The Terrible Outcomes of Lower Growth in Advertising

By Michael Farmer / Madison Avenue Manslaughter Archives

Growth is the engine of wealth and success.  Stock prices soar.  Companies expand, hire and promote, and salaries rise.  Optimism abounds.  Everyone has a place in a growing future.  The party does not go on forever, as we know.  Growth rates slow, and sometimes they halt — the reasons vary, but it’s inevitable.  Still, the end of growth is shocking, and the advertising industry is now facing the shock.

The advertising industry grew aggressively after the Second World War, and the baby boom generation provided additional momentum once it grew up.  Traditional ad agencies went public and were snapped up by the holding companies, which grew through acquisitions, organic revenue growth and improved agency profits via aggressive cost reductions. Holding company share prices rose.

Yet here we are, seeing a growth crisis.  Who are its victims?

Chief Marketing Officers.  CMOs have not weathered the growth disruptions caused by e-commerce, the generational shift to Millennials and the fragmentation of digital and social media.  Their legacy brands have ceased to grow.  CMOs have not really mastered the new media.  Judged by their behavior, they’ve lost faith in marketing as an investment, unsure about its ROI.  To cover themselves, they’ve been cutting this investment, treating marketing as a cost to be optimized rather than an investment to be celebrated.  They’ve cut agency fees, cut media investment, shifted their media mix and invested in lower-cost in-house agencies.  Some are hoping that their Scope of Work and media mix experiments will bear fruit. They’re playing a loser’s game, though, and they’ll pay for it with their jobs after 3-4 years.

Procurement.  Procurement executives used to be heroes in manufacturing and distribution, where they figured out how to improve quality and cut costs at the same time.  They saved the automotive industry and transformed many others.  When they shifted their attention to media and advertising, though, they reverted to crude fee-cutting, which they have practiced for the past 20 years.  The results have been devastating – they have reduced their agency partners to feeble incarnations of themselves, capable only of providing low-cost deliverables but not much more. Procurement did not do its homework on agencies to figure out how they could be made both more effective and lower cost.  As a result, procurement has largely eliminated agencies as strategic partners who could be helping to solve the brand-growth problems.

Ad Agencies.  Ad agencies have been suffering drip-drip tortures since before 1990.  First, they were acquired by holding companies, who squeezed them for annual profit increases. Second, they endured the shift from media commissions to fees, subjecting them to annual assaults on their retainers and humiliating diagnoses by benchmarking cost consultants, against whom they had little power.  Third, they dealt with the disruptive effects of brand globalization, the loss of AOR status, and (today) the sharing of clients with many other agencies — which has cost them status and influence.

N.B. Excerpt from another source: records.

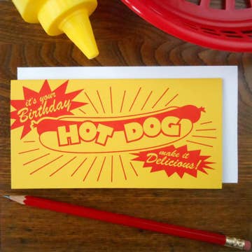 Remember old school drive-in diners & hot dog stands? the kind you visit & your hotdog was put in an amazing glassine bag? they usually had bright colors with classic typography, similar to this card. perfect for any hotdog lover or hotdog in your life! 1 color letterpress printed bright yellow cover stock white envelope blank inside
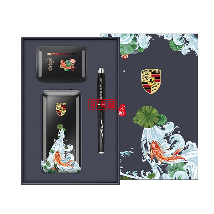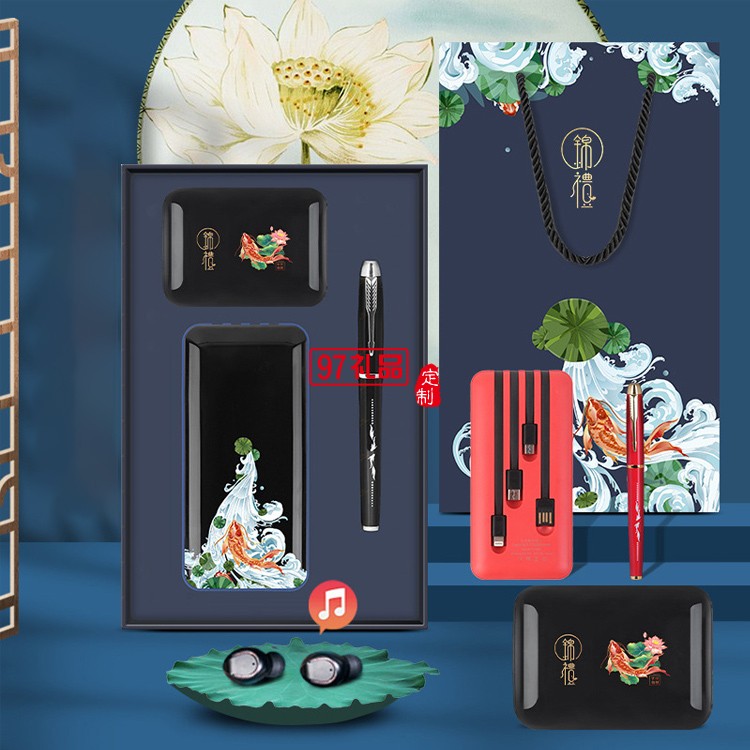 錦鯉移動(dòng)電源藍(lán)牙耳機(jī)簽字筆商務(wù)套裝
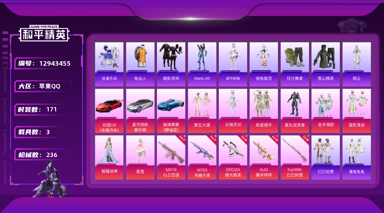 [12943455]苹果 手Q-9粉装-5特效枪-3载具-3粉色飞行器-78107热力值-13王牌印记-171套装-236枪皮
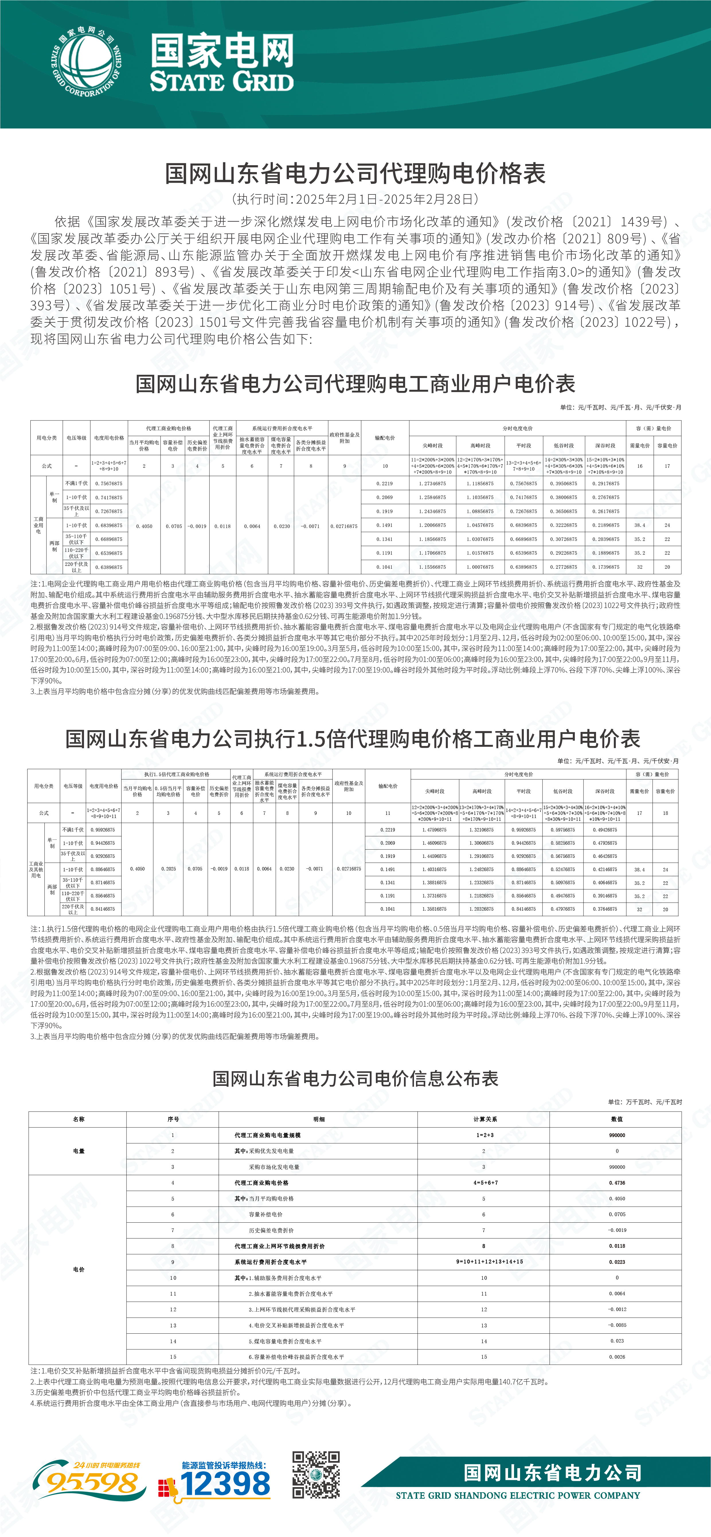 山東省2月份代理購電工商業(yè)用戶電價(jià)表

Understandably, agencies yearn for the “good old days” when creativity was king and they were respected partners.  This leads them to operate as they did in the past, when growth was high and client heads could do what they wanted with their clients, and no one kept track of how much work was being done.  This, more than anything else, is sinking agencies today.  They’re stuck in a low-growth marketplace with growing workloads and declining staffs.

Holding Companies.  Holding companies face reduced growth from zero-based budgeting, chronic fee cuts for media and creative agencies, and the increased migration of work to in-house agencies and management consulting firms.  Not all of this is inevitable — their ad agencies could strive to get paid for all the work they do, and to upgrade their capabilities to become “more strategic.”  But this will not happen until it is mandated — agency CEOs have been allergic to requiring more disciplined Scope of Work management practices, and they say that they cannot afford to hire more sophisticated people.  They’re stuck in the past.

Unless there is a change, one or more of the holding companies will eventually “fail to meet Wall Street/city expectations,” and their share prices will come under attack.

This will bring down the wrath of the securities analysts and their investors, who will at some point either pull the plug or call for a breakup — “The parts are worth more than the whole!”  It has happened before, during the conglomerate boom and bust of the ’60’s and ’70s.  Who remembers Textron, Litton, LTV, Gulf + Western and ITT?  They all grew … and then disappeared in the early ’80s, done in by a reduction in growth and new shareholder pressures.

Holding company CEOs need a new game plan, redirecting their agency CEOs to put a floor under falling fees rather than continuing to cut costs. Agencies have a price problem, not a cost problem.  A first step would see them keep track of the work they do and ensure that they are paid for it.

The overwhelming weight of evidence is towards lower growth, even if positive actions are taken.  The outcome will be dramatic and terrible when its time comes.